Tuesday, 1 August, 2006 - 22:00

In February this year, the Department of Industry and Resources released a discussion paper that canvassed options for reserving some of Western Australia’s gas reserves for the state’s domestic market.

The issue has gathered a head of steam during the past week, with Premier Alan Carpenter attacked by Woodside boss Don Voelte and federal Industry, Tourism and Resources Minister Ian Macfarlane.

Despite the criticism, Mr Carpenter remains committed to the plan to reserve up to 20 per cent of gas reserves “to ensure the continued availability of low cost gas supplies into the domestic market”.

He has characterised this as a continuation of existing policy, since the North West Shelf project was required to set aside a fixed amount of gas for the local market, where it is sold at lower prices than LNG exports.

The state agreement for Chevron’s proposed Gorgon project also reserves some of the gas for the domestic market, although this is subject to a very wide qualifier.

“There is no requirement to bring this gas into the domestic system unless it is economic to the company,” according to the discussion paper.

Mr Carpenter has attached some urgency to the issue, claiming that “natural gas supplies for WA households and industry could run out within 10 to 15 years”.

With several big projects in the offing, including Gorgon, Woodside’s Pluto and Browse projects, and Inpex’s Ichthys project, the government has suggested that reserving  10 to 20 per cent of gas deposits “would appear to be appropriate”.

The requirement for project proponents to negotiate state agreements gives the government substantial leverage.

In particular, the existing North West Shelf state agreement requires the Woodside-operated joint venture to obtain the approval of the minister for state development before entering new export contracts beyond 2010.

WA’s major energy supply companies, including Alinta, Synergy and NewGen Power, have offered qualified support for the state government, commending its decision to initiate debate on the topic.

They are keen to maximise domestic gas supplies, which is clearly in their economic interests.

In a submission to the government, Alinta says there is a general lack of interest from explorers/producers in the domestic market.

“Those parties that are willing to engage in discussions are seeking substantial price increases,” Alinta says.

However, it is wary of the government’s proposal, arguing instead that the fundamental issue is the ability of producers to hoard gas supply.
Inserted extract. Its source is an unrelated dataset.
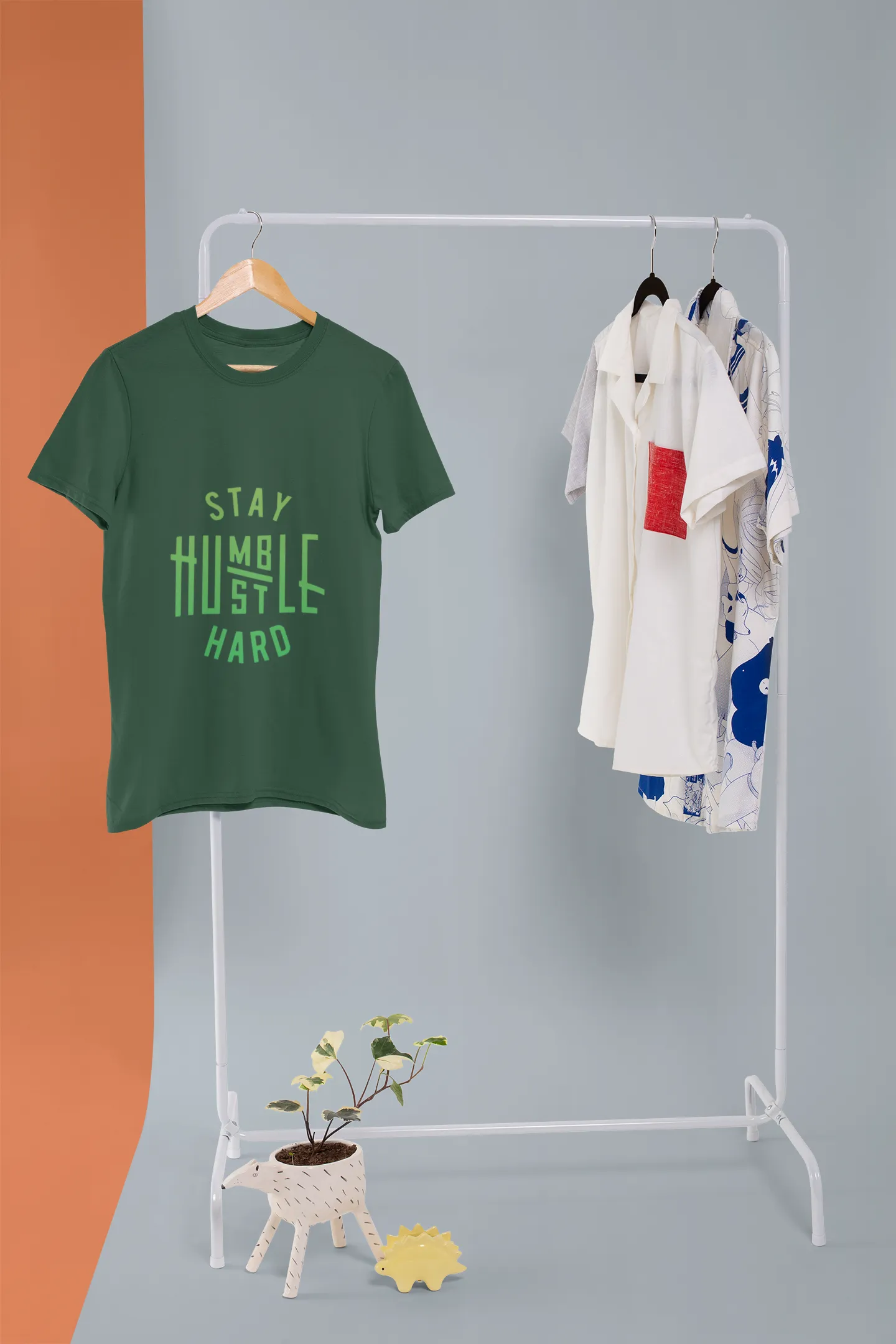 A minimalist T-shirt design featuring the phrase "Stay Humble" in elegant, hand-lettered script. Set against a clean background, the design radiates simplicity and grace, serving as a daily reminder to embrace humility with style and confidence.

It wants the government to modify its retention leases and production licences so that third parties can submit development proposals for known gas fields.

In this way, the market would be able to “realistically establish the true value of domestic gas”, Alinta says.

Critics of the state government include the coal lobby, which charges that the proposed policy would make it harder for coal producers to compete.

But leading the charge against the government has been the gas explorers and producers, who want the freedom to pursue the most attractive commercial opportunities.

Mr Voelte believes that volume itself is not an issue.

The industry in WA has made substantial discoveries in recent years and is likely to find substantially more gas “under appropriate economic and regulatory conditions”, Mr Voelte wrote in a government submission.

He said the real issue was that: “WA domgas prices are very low when compared to international and domestic benchmarks.

“This price differential represents the greatest challenge to providing a sustainable solution.”

Inpex stated bluntly that the proposed policy “would reduce the merits of exploring and producing here vis-à-vis other prospective locations.

“And I am afraid it could have a negative impact on our intention to develop in a timely fashion the world scale Ichthys gas field,” general manager Shinsuke Ban told the government.